Warum ich mich immer so über E-Mail-Warnungen «freue»

Ich finds ja toll, wenn jemand zu mir schaut, mich vor allem Unheil dieser Welt bewahren will… Eher skeptisch – um nicht zu sagen allergisch – bin ich bei irgendwelchen Warnungen vor explodierenden Handys, festplattenzerkauenden Viren, gegen die sogar Bill Gates machtlos sei, HIV-Nadeln in Kinositzen oder aber beim Aufruf zum Benzinboykott am Tag XY. 

 

Das Problem sind diese unsäglichen Meldungen, bei denen es immer heisst, man solle sie an "möglichst viele" oder an "deinen ganzen Bekanntenkreis" weiter schicken, um sie vor irgendetwas zu warnen. Wenn das steht, ist es das beste, genau das nicht zu tun, denn das Weiterschicken (nicht der Inhalt) ist die Krux an solchen Meldungen.

 

Ein Beispiel:

 

07:00 Du schickst eine Meldung an 50 Leute.

 

08:00 Eine Stunde später, schicken diese 50 Leute diese Meldung wieder weiter an je 50 Leute (=2500).

 

09:00 Nun schicken die 2500 Leute deine Meldung wieder an je 50 Leute in ihrem Bekanntenkreis (=125’000).

 

10:00 Spätestens jetzt erscheint die Meldung erstmals im Radio, da sicher mindestens ein dummer Radiomoderator ebenfalls drauf rein fällt. Gleichzeitig schicken die 125’000 die Meldung weiter an ihre 50 Bekannten (6’250’000).

 

11:00 Inzwischen weiss es die ganze Schweiz – und die 6’250’000 schicken die Meldung natürlich ebenfalls weiter. Dass es stimmt, was drin steht, wissen sie, denn sie haben ja auch schon im Radio davon gehört… Drum warnen sie ihre 50 Bekannten ebenfalls (wir sind schon bei 312’500’000 und erreichen also schon mehr Leute als alle Einwohner der USA).

 

12:00 Natürlich warnt nun auch der «seriöse CNN» und alle übrigen Sender vor der schlimmen Gefahr! Denn wenn so viele davon sprechen, muss es ja stimmen. Und sicher findet sich irgend ein Wissenschafter, der gerne in die Kamera plaudert, dass er "auch schon davon gehört habe" (kein Wunder…). Wenn das kein Beweis ist!

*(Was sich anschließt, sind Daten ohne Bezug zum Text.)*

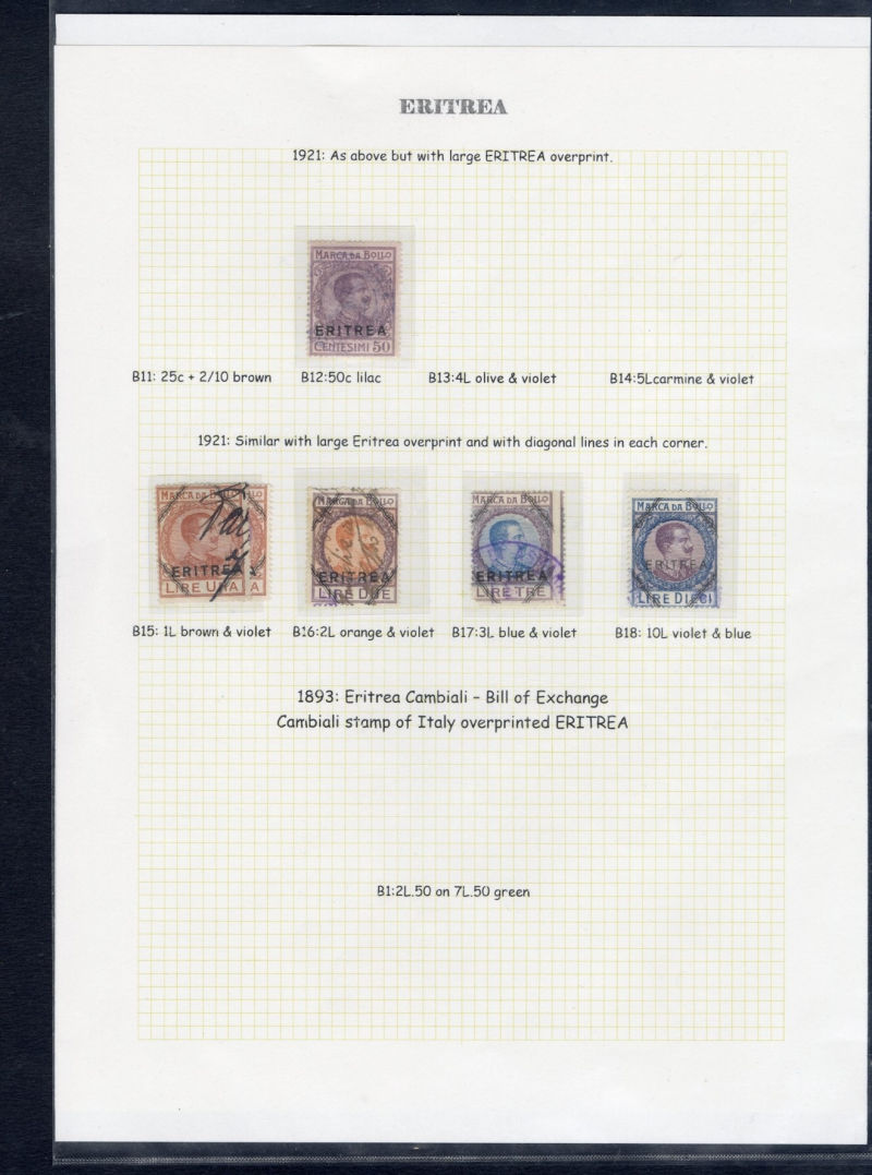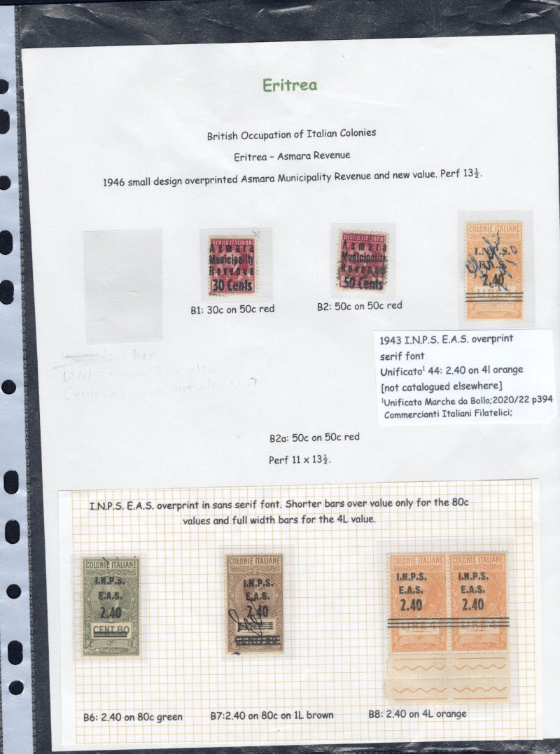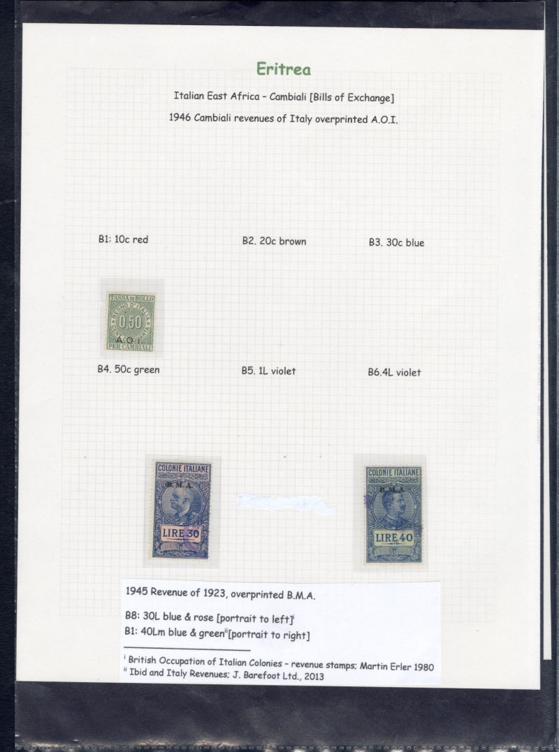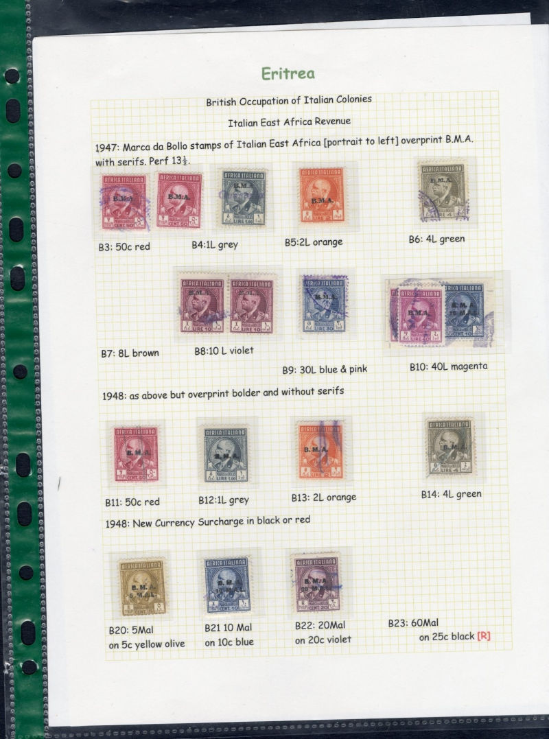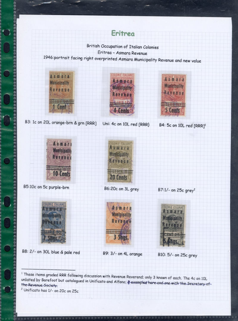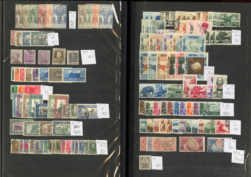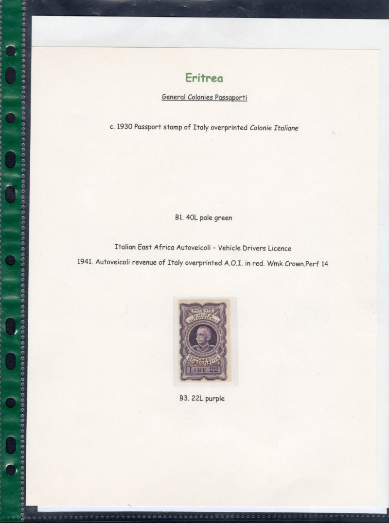 1147 O, og   imageLARGE LOTS AND COLLECTIONS ITALIAN COLONIES Revenue Stamps 1896-1961 Eritrea, collection on pages, used and unused values to 50 Lire, occasional multiples, documents, "Tassa Camerale Polizze de Carico" (Chamber of Commerce Tax Bills of Lading), Eritrea Municipal Tax, Automobile Tax, overprinted "A.O.I.", British Occupation "Eritrean Inland Revenue", values in East African Shillings, later issues with portrait of Haile Selassie, etc., scarce lot (2013 Barefoot catalogue £4,500+, not counting documents or multiples) (Image) (Image 2) (Image 3) (Image 4) (Image 5) (Image 6) (Image 7) (Image 8) (Image 9) (Image 10) (Image 11) (Image 12) (Image 13) (Image 14) (Image 15) (Image 16) (Image 17) (Image 18) (Image 19) (Image 20) (Image 21) (Image 22) (Image 23) (Image 24) (Image 25) (Image 26) (Image 27) (Image 28) (Image 29) (Image 30) (Image 31) (Image 32) (Image 33) (Image 34) (All Images)
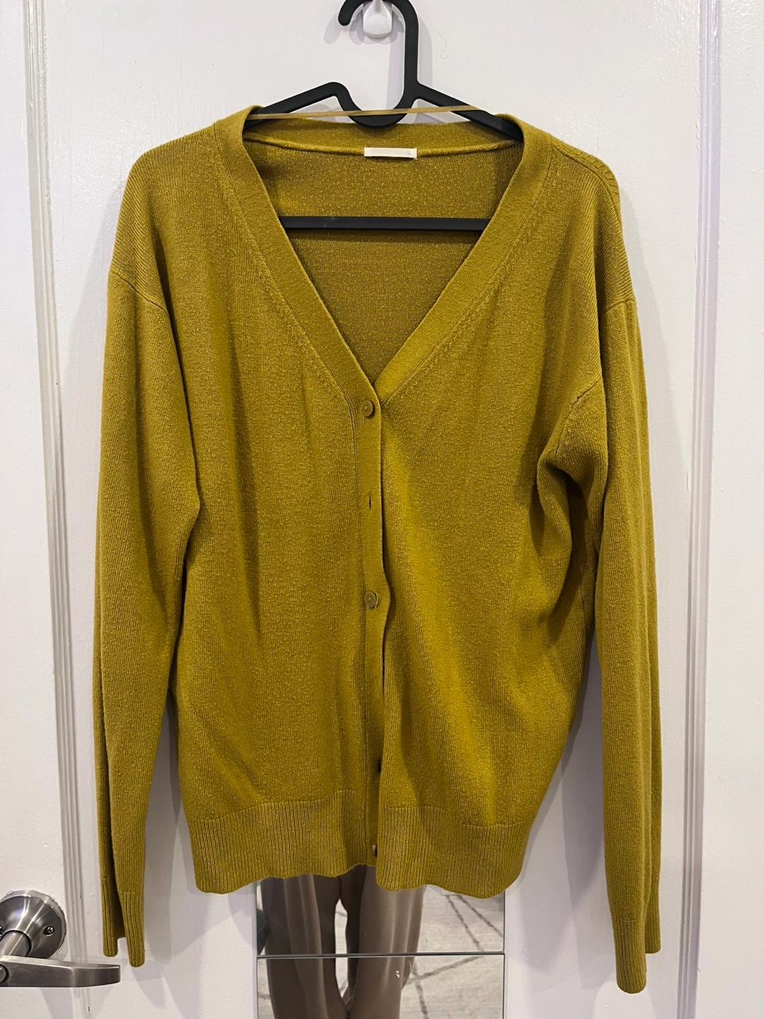 Bought in Tokyo. Long-sleeved, mustard coloured cardigan. V-neck and button up.
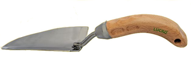 Ett verktyg i rostfritt stål och ett ergonomiskt handtag av trä.
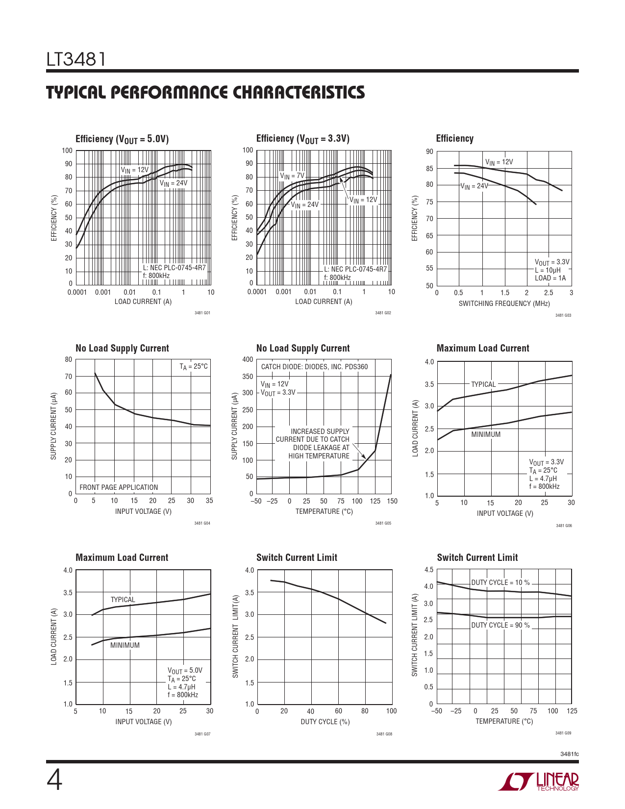 100 100 90 90 90 VIN = 12V VIN = 12V 85 80 80 VIN = 7V VIN = 24V 80 V 70 70 IN = 24V V 60 60 IN = 12V V 75 IN = 24V 50 50 70 40 40 EFFICIENCY (%) EFFICIENCY (%) EFFICIENCY (%) 65 30 30 60 20 20 VOUT = 3.3V L: NEC PLC-0745-4R7 10 10 L: NEC PLC-0745-4R7 55 L = 10μH f: 800kHz f: 800kHz LOAD = 1A 0 0 50 0.0001 0.001 0.01 0.1 1 10 0.0001 0.001 0.01 0.1 1 10 0 0.5 1 1.5 2 2.5 3 LOAD CURRENT (A) LOAD CURRENT (A) SWITCHING FREQUENCY (MHz) 3481 G01 3481 G02 3481 G03
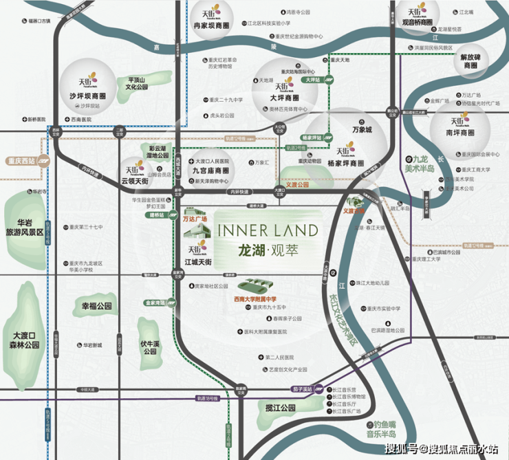 可见重庆的这座龙湖观萃,依然贯彻了【核心城市+黄金地段】的布局逻辑,选择了“南重庆城市新核”来落地。
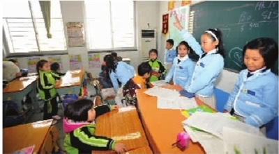 “少儿政府”的副市长和两位局长在教室里检查纪律。记者 田超 实习生 陈杰 摄
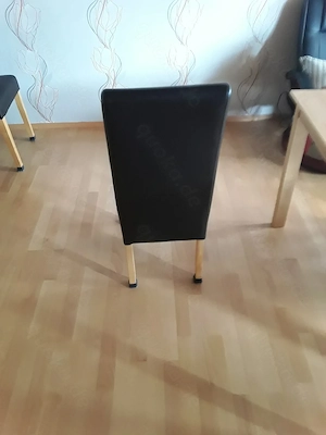 Tisch Buche mit fester Platte 74 cm x 120 cm x 80 cm. 4 Stühle Schwarz Kunstleder Stuhlbein Buchefarbig.
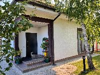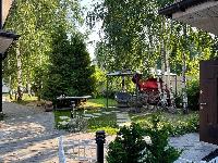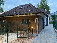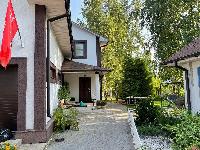 Б. Гостевой 2-эт. дом-баня 107 м2. Построен в 2016г из кирпича. Фундамент ж/б ленточный. Крыша мягкая кровля катепал. Окна двойной стеклопакет. Снаружи утеплен (100мм пеноплекс) и декоративная отделка "короед".
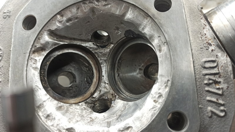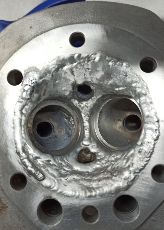 vielleicht täuschen die Bilder ein wenig. Durch das Aufschweißen ragt Material über die alten Bohrungen. Daher sieht es unrund aus. Das ist aber kein Problem, da die Bohrung sowieso überabeitet wird. Die Anlagefläche der Sitze und die Bohrungen für die Führungen sind nicht verändert und sollten daher passen.
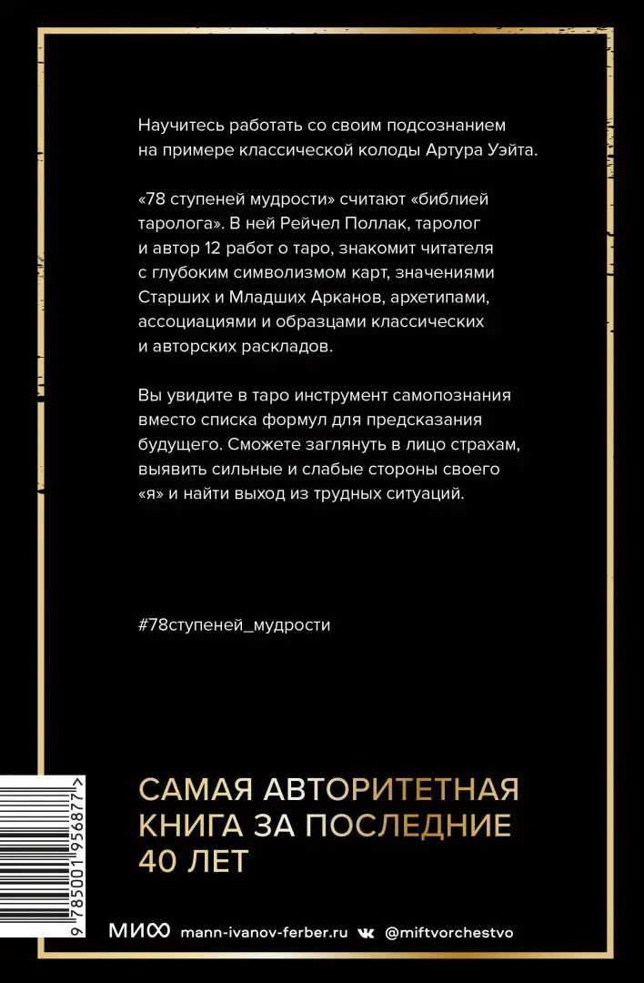 Изначально "Семьдесят восемь ступеней мудрости" вышла в двух частях, в 1980 и 1983 годах. С тех пор книга постоянно переиздавалась. Когда она впервые увидела свет, то сильно отличалась от остальных книг по Таро. Это был не список формул для предсказания будущего, оккультных диаграмм или туманных отсылок. В центре внимания были толкования карт - не просто для предсказания, а скорее как способ познания себя и, более того, духовных чудес жизни.
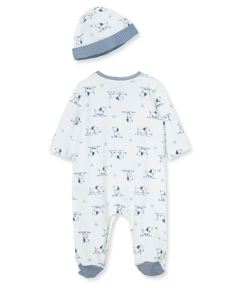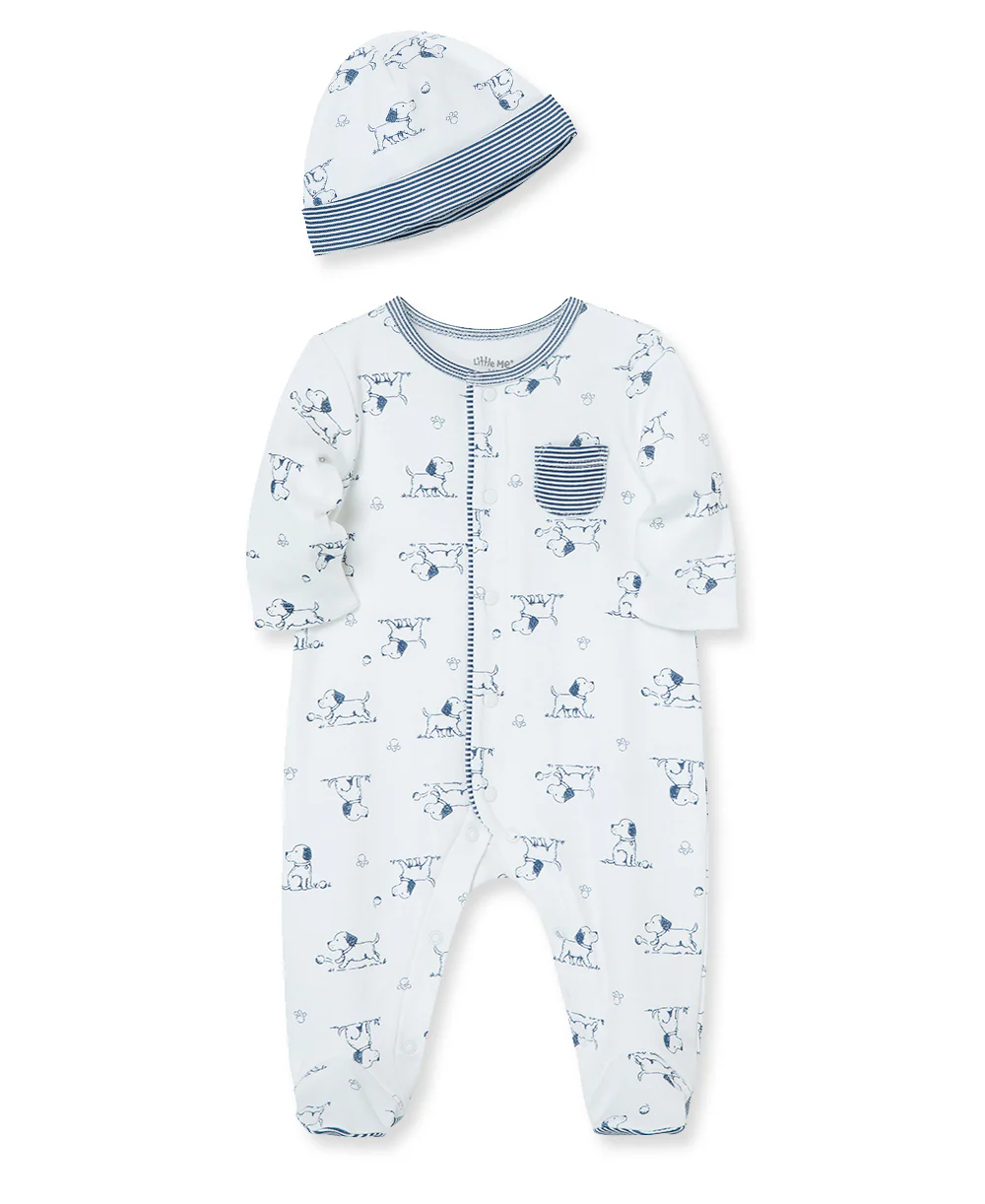 - Little Me's Puppy Toile Footie and Hat Set features a sweet and stylish print of a frolicking doggie in navy on white
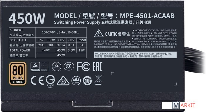Markit » Блоки питания » Блок питания Cooler Master MWE 450 Bronze V2 MPE-4501-ACAAB-EU

Also schicken natürlich alle 312’500’000, die die Meldung schon haben, diese an ihre Bekannten weiter – bleiben wir mal dabei und nehmen an, sie hätten je 50 (juhui, wir sind auf 15’625’000’000).

 

So, innert eines halben Tages hast du also schon locker 2 1/2 Mal die Weltbevölkerung informiert!!! Da nun aber anzunehmen ist, dass nicht alle über E-Mail verfügen, verteilt sich die Meldung natürlich jeweils nicht nur auf "Neuinformierte". Mit jeder Stufe wächst die Gefahr, dass einer die Meldung ein zweites, drittes oder noch weitere Male erhält. Und ich mag gar nicht ausrechnen, wie oft ich diese eine Meldung aus meinem Postfach löschen müsste, wenn wir unser Beispiel noch eine Stunde weiter führen würden.

 

Weisst du jetzt, was ich meine?

 

Ein kleiner Gratistipp: Auf www.hoax-info.de machen sich ein paar Leute an der TU Berlin die Mühe, alle diese Meldungen zu sammeln und zu analysiere. Auch der "Wahrheitsgehalt" (ja, manchmal ist wirklich sogar ganz wenig Wahrheit drin) wird ermittelt. Die Hoax-Liste zeigt die ganze Vielfalt dieser Falschmeldungen. Darin zu stöbern ist echt interessant – aber bitte, bitte, bitte: NIE WEITERSCHICKEN!!!